Background information
- Also known as: Homer
- Born: Henry Doyle Haynes July 27, 1920 near Knoxville, Tennessee, U.S.
- Died: August 7, 1971 (aged 51) Hammond, Indiana
- Genres: Country; jazz; comedy;
- Instrument: Guitar
- Years active: 1936–Present
- Labels: King, RCA
- Formerly of: Homer and Jethro (with Kenneth C. Burns)

= Henry D. "Homer" Haynes =

American guitarist and comic singer (1920–1971)

Henry Doyle Haynes (born July 27, 1920 – August 7, 1971) was an American comedy entertainer and musician who gained fame on radio and television as a country and jazz guitarist and as the character Homer of the country music comedy and parody duo Homer and Jethro with Kenneth C. Burns for 35 years beginning in 1936.

== Biography ==
Haynes was born near Knoxville, Tennessee, on July 27, 1920. He met Kenneth Burns during a WNOX-AM audition in 1936 when they were both 16 years old. Haynes strummed the guitar and Burns played the mandolin. Known as Junior and Dude (pronounced "dood'-ee"), the duo was rechristened Homer and Jethro when WNOX Program Director Lowell Blanchard forgot their nicknames during a 1936 broadcast. In 1939 they became regulars on the Renfro Valley Barn Dance radio program.

Haynes was drafted into the US Army and served in the medical corps in the Pacific. He reunited in Knoxville in 1945 with Burns, who had served in Europe.

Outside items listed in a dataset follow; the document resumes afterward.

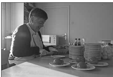
Het bereiden van de maaltijden.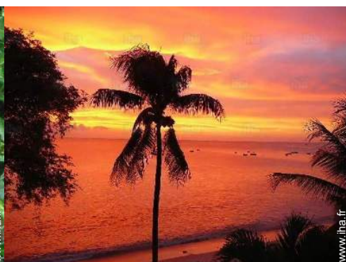
vue sur coucher de soleil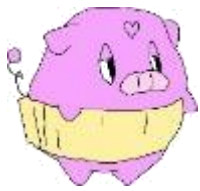
八木山市民センターの キャラクター トリュフくん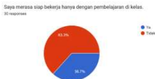
Gambar 1. Data Hasil Observasi Awal (Tingkat Kesiapan Kerja Mahasiswa)

Mengacu pada data Badan Pusat Statistik (BPS) yang ditampilkan dalam Gambar 1, tingkat pengangguran lulusan Diploma dan Sarjana selama periode 2013–2024 menunjukkan pola yang fluktuatif dari tahun ke tahun. Kondisi ini mencerminkan adanya ketidaksesuaian antara kompetensi lulusan—yang mencakup pengetahuan, keterampilan, dan kemampuan—dengan kebutuhan industri saat ini. Oleh karena itu, perguruan tinggi dituntut untuk lebih optimal dalam menyiapkan mahasiswanya agar siap bersaing di dunia kerja. Di sisi lain, mahasiswa juga memiliki tanggung jawab untuk mempersiapkan diri agar memiliki kesiapan kerja sesuai tuntutan dunia industri. Kesiapan kerja tersebut ditopang oleh kematangan mental dan fisik, pengalaman belajar yang memadai, kemampuan komunikasi yang baik, sikap tanggung jawab, serta komitmen untuk terus mengikuti perkembangan dalam bidang keahliannya (Putri Pambajeng, Sumartik, & Maya Kumala Sari, 2024).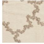
L3897_BRODE RIE_MONTESP AN_N3157_FE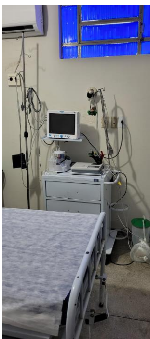
28.2. Sala vermelha

In 1947, the duo moved to Cincinnati, Ohio and were working at WLW-AM on the station's Midwestern Hayride. They signed with King Records, where they worked as a house band and recorded singles on their own, and two years later signed with RCA Records. The pair was fired along with several other stars by new management at WLW in 1948 and, after a brief tour, they moved to Springfield, Missouri and performed on KWTO-AM with Chet Atkins, the Carter Family and Slim Wilson.

In 1949 they moved to Chicago and appeared on National Barn Dance on WLS-AM; and later appeared on television programs including Ozark Jubilee, The Beverly Hillbillies, The Johnny Cash Show, The Jimmy Dean Show, and The Tonight Show.

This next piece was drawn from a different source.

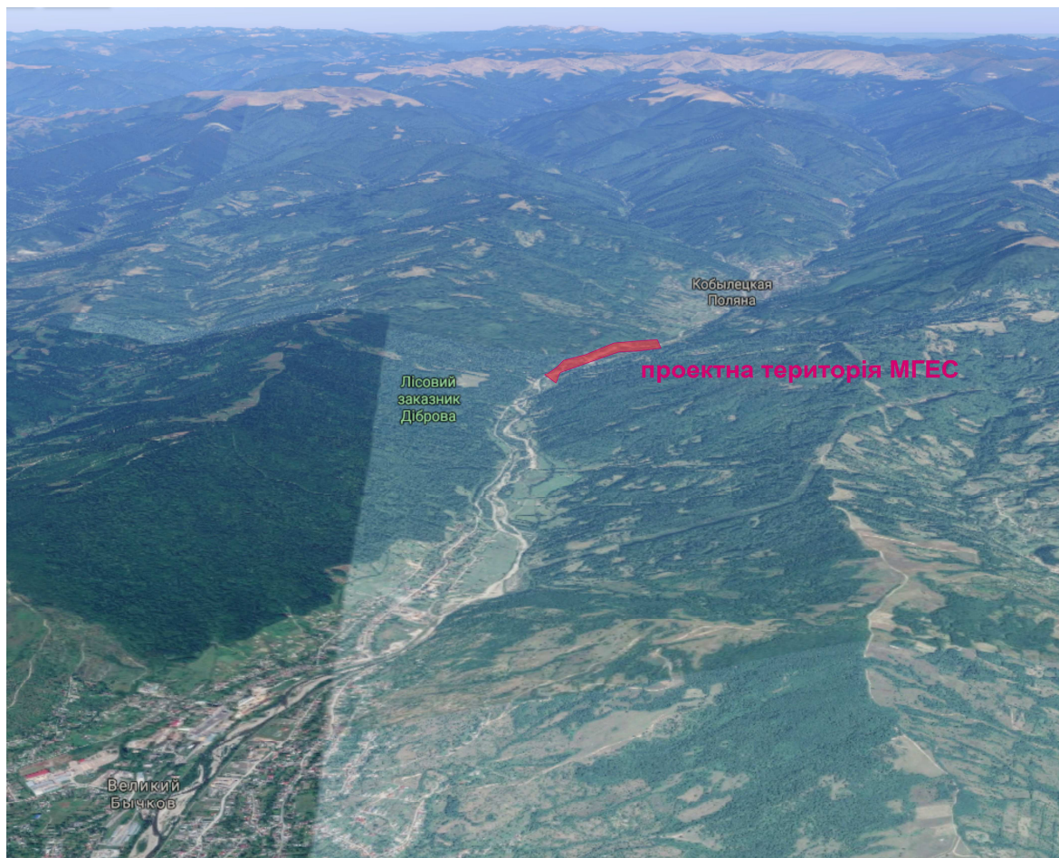
Рис. 1. Проектна територія МГЕС на р. Шопурка

Русло річки слабозвивисте, помірно розгалужене. Острови й осередки зустрічаються через кожні 5–8 км; довжина їх 3–60 м, ширина 15–20 м, висота 0,4–0,8 м, в паводки затоплюються. Складені вони суглинками або гальковиком, задерновані, деякі із них заросли рідким чагарником і окремими деревами. Протоки й рукави, які відділяють острови й осередки, довжиною 20–230 м, шириною 0,3–3,0 м, глибиною 0,1–0,3 м, швидкість течії в них 0,5–0,9 м/сек [1].

The pair recorded more than 50 albums during their career and won a Grammy for the best comedy performance in 1959 for "The Battle of Kookamonga", a parody of Johnny Horton's "Battle of New Orleans".

Haynes died on August 7, 1971, of a heart attack in Hammond, Indiana. He had lived the last decade of his life just across the state line in Lansing, Illinois. He was buried at Chapel Lawn Memorial Gardens in Schererville, Indiana. He and Burns were inducted into the Country Music Hall of Fame in 2001 as Homer and Jethro.